Carnegie was not above a bit of skulduggery. Nasaw describes how he, Frick and the wonderfully named Philander C. Knox -- Brownsville native, corporation lawyer, U.S. attorney general, U.S. senator from Pennsylvania and secretary of state -- struggled with fine points of bribing Christopher Magee, Pittsburgh's Republican Party boss.
Magee, the trio soon found, was the worst kind of crooked politician -- one who takes your money but doesn't stay bought.
Carnegie, like Frick, became a millionaire before he was 30. Unlike Frick, he soon began to devote less time to business and more to travel, self-improvement and writing books, magazine articles and speeches.
Hypocrisy abounds in his life and career. Carnegie, on vacation somewhere exotic, would alternate notes to his "pards" back in Pittsburgh on the importance of relaxation with memos questioning every aspect of their management of the steel business.

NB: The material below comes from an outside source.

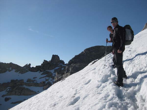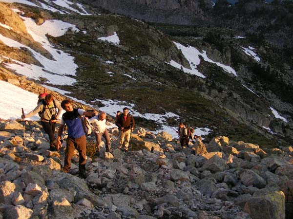 En arribar a la neu alguns ens posàrem els grampons i traguérem els piolets o pals, d’altres esperaren un poc més. L’estat de la neu i les petjades marcades facilitaven l’ascens. Així com pujàvem i s’ampliava la visió de la vall (pic d’Alba, ibón de la Resclosa) il·luminada pels raigs de sol matiners, començàvem a sentir l’ambient d’alta muntanya de l’excursió. Férem dues llargues pendents nevades, enllaçades, per girar a l’esquerra per un camí evident (cap a la dreta és las Madaleta). A unes roques, a dalt de les glaceres, esperàrem i férem un mos. El grup ja s’havia dividit en dues parts definitivament.
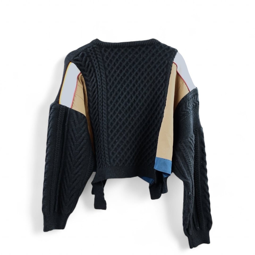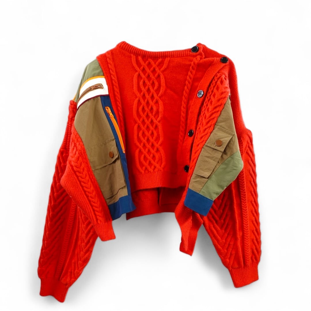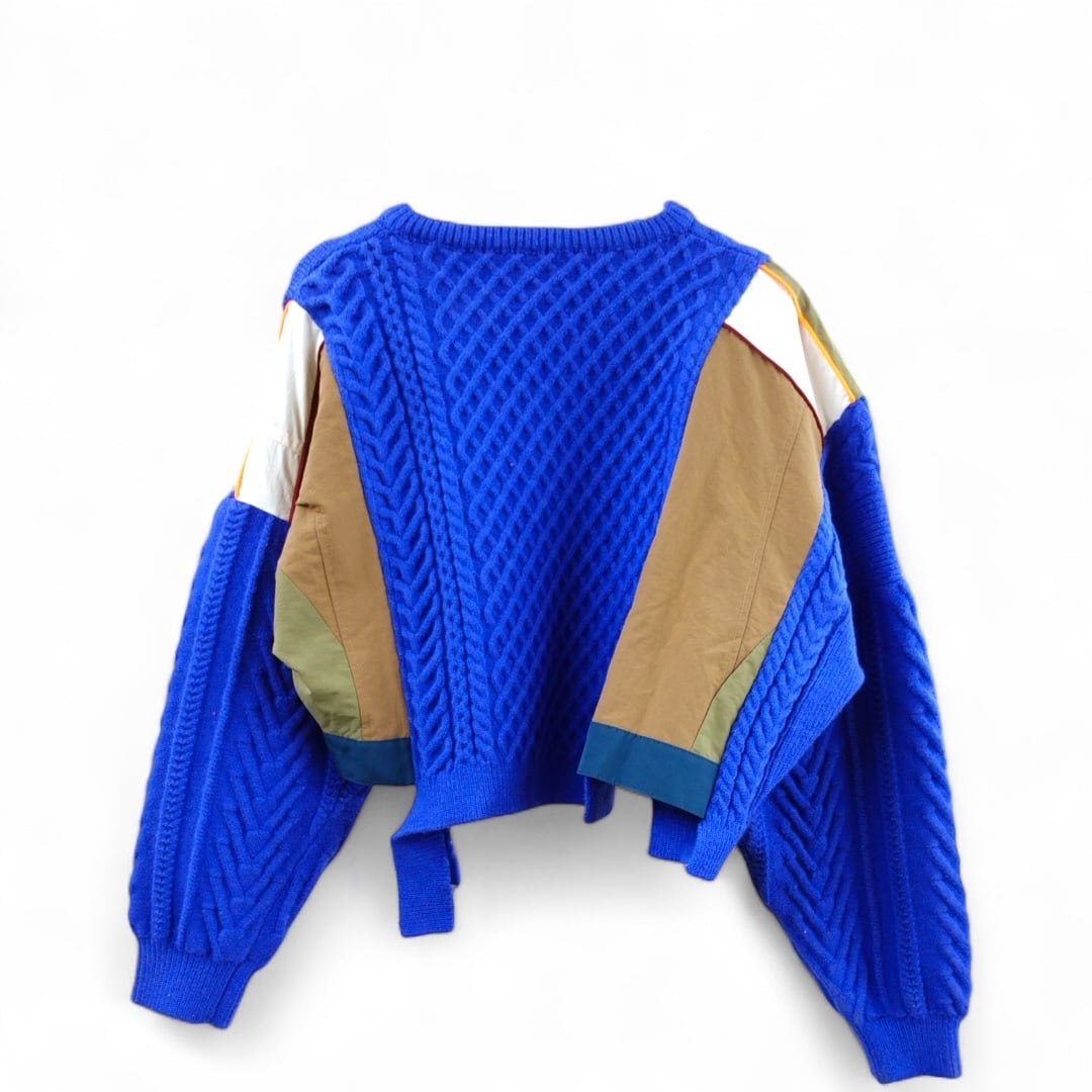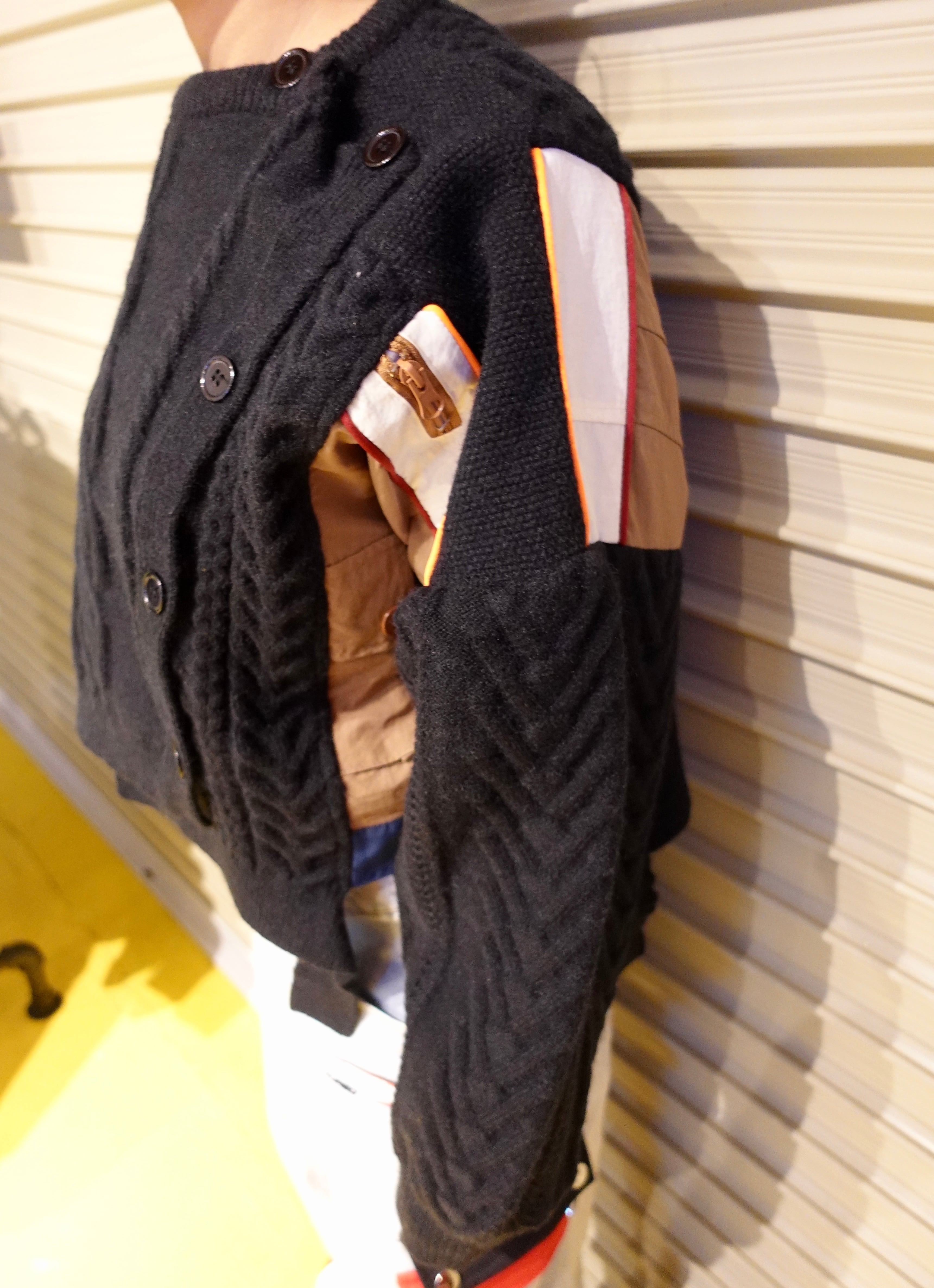 ブルゾンリメイクと太めの編み目がアクセントとなり、シンプルな中にも個性を感じさせます。

While determined to do good deeds with his fortune, Carnegie was ruthless in cutting costs, including wages, squeezing every nickel out of his workers via longer shifts and reduced pay.
Waiting until his intimidating mother died, Carnegie was 51 when he married. As Nasaw describes her, Carnegie's young bride, Louise Whitfield, was a candidate for sainthood. Their seven-year courtship and long engagement remained a secret right up to the day of their wedding.
Several months earlier, Carnegie had presented his betrothed with a ring from Tiffany's, "which she hid away and wore only when alone in her room."
Nasaw describes Carnegie's final years as a mix of family joy, philanthropic success and geopolitical tragedy.
He had a loyal, patient wife in Louise and an adored daughter, named Margaret for his mother. While assuring that family and many friends were provided for, he succeeded in giving away the bulk of his fortune.
As a life-long believer that "All is well since all grows better," Carnegie was stunned by the outbreak of World War I in 1914. The great cataclysm left him uncharacteristically silent.
"The war practically destroyed him," Louise said in an unpublished interview unearthed by Nasaw. "His zest for mere existence had gone."
Carnegie died Aug. 11, 1919, less than a year after World War I ended and a few months before his partner and rival Frick.
"Andrew Carnegie" is filled with descriptions of people, places and events important to Pittsburgh. Nasaw includes 32 pages of photographs showing Carnegie, his family and partners at work and at play.
But even with its strong local links, the tale sometimes lags. Coming in at 801 pages, the book just may be too long. It also could be that a biography of a man whose life was focused on remorseless execution of business principles lacks the natural drama of books about warriors or statesmen.